Question

A ball is thrown into the air with an upward velocity of 80ft/s. Its height H in feet after T seconds id given by the function H= -16T^2+80T+5. What is the maximum height the ball reaches? How long will it take the ball to reach maximum height? How long does it take for the mall to be caught 5 feet off the ground?
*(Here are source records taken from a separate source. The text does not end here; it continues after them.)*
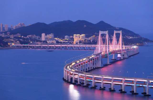 星海湾大桥位于辽宁省大连市,全长约6公里,主桥820米,主跨460米,两个边跨分别为180米。大桥的灯光和彩灯的夜景很美。站在远处远远望去,在桥周围灯光的照射下,依然可以清晰地看到灯光和景物在海中的倒影。太美了。看看桥上的灯光和风景。色彩斑斓的大连星海湾大桥是大连夜游后必去的地方之一。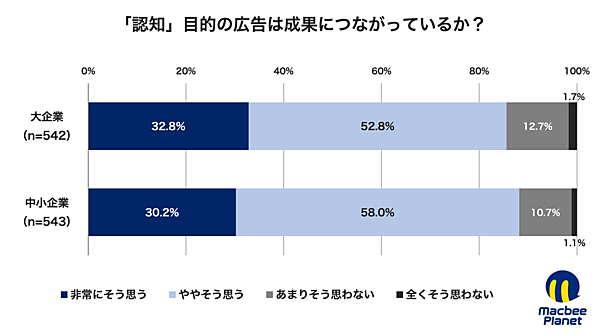 「認知目的の広告は成果につながるか」については、大企業で85.6%、中小企業で88.2%が「そう思う」(非常にそう思う+ややそう思うの合計)と回答。同時に「認知広告は評価が難しい」の割合はほぼ9割に達している。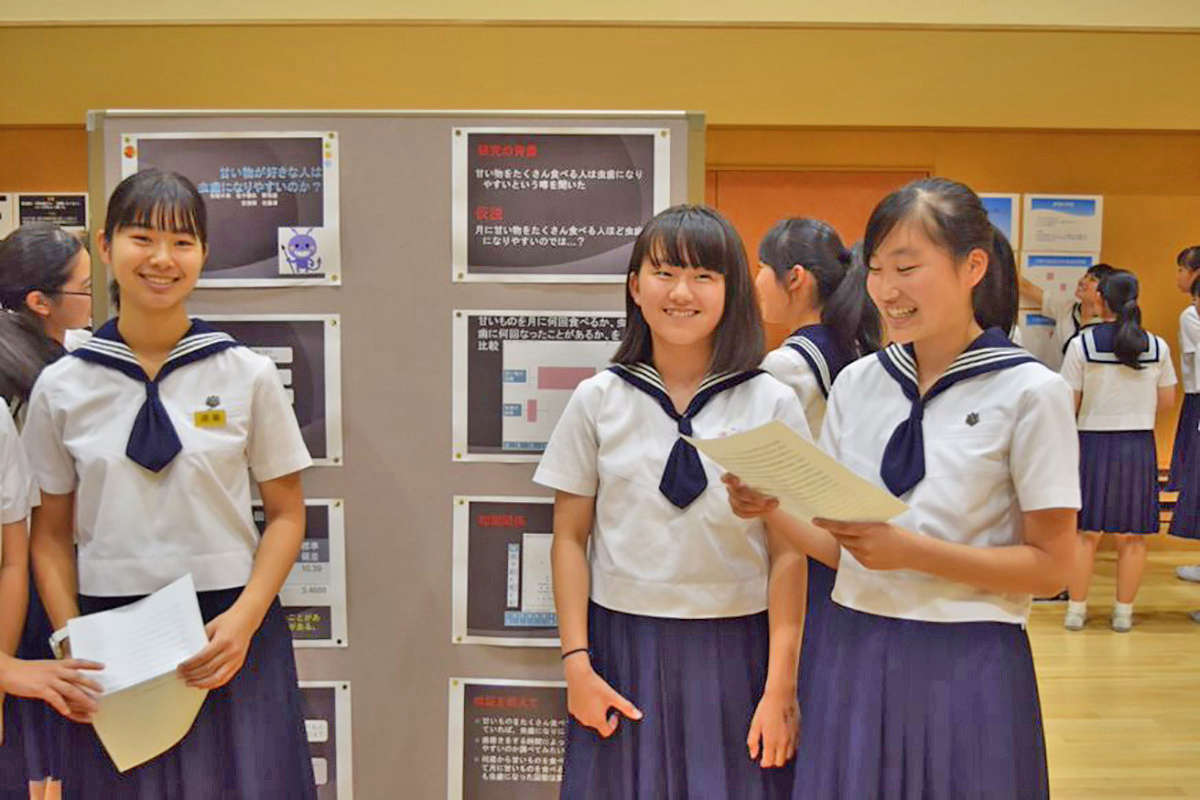 「成果の一例としては、とくに、中学からの入学生に、『社会の中で役に立ちたい』という意識が高く、医療系に進みたいという生徒が増えたことですね」と、高校教頭の横尾康治先生。現に、理数教育の充実で理系学部への進学率は21.9%(2017度)と「理系女子(リケジョ)」率も高く、国公立大学への進学者も増えています。

All I really need help on is the last one.
Will some one plz help me.

Answer 1

1. The function H= -16T^2+80T+5 is a parabola of the form
`a x^(2) +bx+c`, so to find the maximum height of the ball, we are going to find the y-coordinate of the vertex of the parabola. To find the y-coordinate of the vertex we are going to evaluate the function at the point
`(-b)/(2a)`.
From our function we can infer that
`b=80` and
`a=-16`, so the point \frac{-b}{2a} [/tex] will be
`(-80)/(-2(16)) = (5)/(2)`. Lets evaluate the function at that point:

`h=-16t^2+80t+5`

`h=-16( (5)/(2) )^2+80( (5)/(2) )+5`

`h=105`

We can conclude that the ball reaches a maximum height of 105 feet.

2. Since we now know that the maximum height the ball reaches is 105 feet, we are going to replace
`h` with 105 in our function, then we are going to solve for
`t` to find how long the ball takes to reach its maximum height:

`h=-16t^2+80t+5`

`105=-16t^(2)+80t+5`

`-16t^2+80t-100=0`

`-4(4t^(2)+20t-25)=0`

`4(2t-5)^2=0`

`2t-5=0`

`t= (5)/(2)`

`t=2.5`

We can conclude that the ball reaches its maximum height in 2.5 seconds.

3. Just like before, we are going to replace
`h` with 5 in our original function, then we are going to solve for
`t` to find how long will take for the ball to be caught 5 feet off the ground:

`h=-16t^2+80t+5`

`5=-16t^2+80t+5`

`-16t^(2)+80t=0`

`-16t(t-5)=0`

`t-5=0`

`t=5`

We can conclude that it takes 5 seconds for the ball to be caught 5 feet off the ground.